Со стороны дыхательной системы: кашель, одышка, ринорея, боль в горле и охриплость, бронхоспазм/астма, легочные инфильтраты, ринит, аллергический альвеолит/эозинофильная пневмония, фарингит, бронхит, интерстициальный пневмонит.

Со стороны пищеварительной системы: тошнота, диарея, абдоминальная боль, изменение вкуса, кишечная непроходимость, панкреатит, рвота, диспепсия, запор, анорексия, раздражение желудка, сухость во рту, пептические язвы, стоматит/афтозные язвы, глоссит, ангіоневротический набухание кишечника.

Со стороны гепатобилиарной системы: печеночная недостаточность, гепатит гепатоцелюлярный или холестатический, гепатит, включая некроз, холестаз (в том числе желтуху).
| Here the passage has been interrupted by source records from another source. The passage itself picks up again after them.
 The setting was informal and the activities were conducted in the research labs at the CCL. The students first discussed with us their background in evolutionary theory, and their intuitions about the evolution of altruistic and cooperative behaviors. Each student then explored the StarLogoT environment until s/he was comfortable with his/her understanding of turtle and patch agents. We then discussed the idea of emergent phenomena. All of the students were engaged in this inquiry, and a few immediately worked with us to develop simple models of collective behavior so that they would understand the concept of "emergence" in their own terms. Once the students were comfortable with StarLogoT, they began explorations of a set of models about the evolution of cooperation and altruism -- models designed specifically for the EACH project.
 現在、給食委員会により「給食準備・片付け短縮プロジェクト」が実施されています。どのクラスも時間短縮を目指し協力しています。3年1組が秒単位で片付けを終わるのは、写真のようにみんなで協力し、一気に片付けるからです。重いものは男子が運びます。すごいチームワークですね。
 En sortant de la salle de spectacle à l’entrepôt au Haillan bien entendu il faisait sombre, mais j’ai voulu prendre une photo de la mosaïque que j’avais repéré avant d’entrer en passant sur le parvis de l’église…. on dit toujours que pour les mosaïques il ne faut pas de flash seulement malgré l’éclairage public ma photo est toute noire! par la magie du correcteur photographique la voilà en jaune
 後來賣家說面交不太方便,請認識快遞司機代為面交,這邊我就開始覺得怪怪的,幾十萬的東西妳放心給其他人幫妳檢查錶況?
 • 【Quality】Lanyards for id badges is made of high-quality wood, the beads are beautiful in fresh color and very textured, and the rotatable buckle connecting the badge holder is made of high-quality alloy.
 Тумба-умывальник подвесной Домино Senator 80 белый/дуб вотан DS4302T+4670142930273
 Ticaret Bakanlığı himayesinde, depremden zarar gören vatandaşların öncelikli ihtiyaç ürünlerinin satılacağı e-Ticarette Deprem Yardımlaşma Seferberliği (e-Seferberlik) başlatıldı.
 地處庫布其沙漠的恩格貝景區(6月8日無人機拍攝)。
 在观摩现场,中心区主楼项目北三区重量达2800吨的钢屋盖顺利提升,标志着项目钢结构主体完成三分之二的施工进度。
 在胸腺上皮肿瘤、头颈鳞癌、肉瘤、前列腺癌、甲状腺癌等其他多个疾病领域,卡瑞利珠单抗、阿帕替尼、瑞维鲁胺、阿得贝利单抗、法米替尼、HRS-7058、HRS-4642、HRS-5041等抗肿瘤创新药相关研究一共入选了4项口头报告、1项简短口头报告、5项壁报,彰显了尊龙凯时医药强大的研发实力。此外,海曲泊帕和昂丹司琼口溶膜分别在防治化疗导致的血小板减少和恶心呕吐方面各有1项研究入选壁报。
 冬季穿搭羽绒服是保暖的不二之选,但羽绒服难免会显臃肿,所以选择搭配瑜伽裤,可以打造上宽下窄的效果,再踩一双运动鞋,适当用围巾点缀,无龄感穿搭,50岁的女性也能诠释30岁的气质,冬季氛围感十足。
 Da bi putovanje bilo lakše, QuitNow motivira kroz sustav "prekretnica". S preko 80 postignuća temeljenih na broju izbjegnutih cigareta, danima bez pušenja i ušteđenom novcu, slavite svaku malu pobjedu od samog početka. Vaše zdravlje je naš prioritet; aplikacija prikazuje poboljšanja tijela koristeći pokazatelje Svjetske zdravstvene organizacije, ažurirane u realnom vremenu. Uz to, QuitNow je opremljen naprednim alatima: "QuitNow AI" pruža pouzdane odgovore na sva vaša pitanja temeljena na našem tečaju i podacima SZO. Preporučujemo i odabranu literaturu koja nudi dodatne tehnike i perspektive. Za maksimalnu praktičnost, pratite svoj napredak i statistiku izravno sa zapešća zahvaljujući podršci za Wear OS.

Со стороны кожи и подкожных тканей: высыпания; гиперчувствительность/ангіоневротическое набухание лица, конечностей, губ, языка, голосовой щели и/или гортани (см. раздел «Особенности применения»); повышенное потоотделение; зуд; крапивница; алопеция; множественная эритема; синдром Стевенсона-Джонсона; эксфолиативный дерматит; токсический эпидермальный некролиз; пемфигус; эритродермия.

Сообщали о развитии сложного симптомокомплекса, который включал некоторые или все из следующих проявлений: лихорадка, серозит, васкулит, миалгия/миозит, артралгия/артрит, положительный тест на антинуклеарные антитела, повышение скорости оседания эритроцитов (СОЭ), эозинофилия и лейкоцитоз. Как побочные эффекты могут также возникать высыпания, фотосенсибилизация и другие реакции со стороны кожи.

Со стороны мочевыделительной системы: нарушение функции почек, почечная недостаточность, протеинурия, олигурия.

Со стороны репродуктивной системы: импотенция, гинекомастия.

Общие нарушения: астения, повышенная усталость, мышечные судороги, приливы, звон в ушах, чувство дискомфорта, лихорадка.

Лабораторные показатели: гиперкалиемия, повышение креатинина в сыворотке крови, повышение мочевины в крови, гипонатриемия, повышение ферментов печени, повышение билирубина в сыворотке крови.

Срок годности

3 года.

Условия хранения

Хранить в оригинальной упаковке при температуре не выше 25 °C.

Хранить в недоступном для детей месте.

Упаковка

По 10 таблеток в блистере; по 2 блистера в пачке.

Категория отпуска

По рецепту.

Производитель

АО «Лубныфарм».

Местонахождение производителя и адрес места осуществления его деятельности

Украина, 37500, Полтавская обл., г. Лубны, ул. Барвинкова, 16.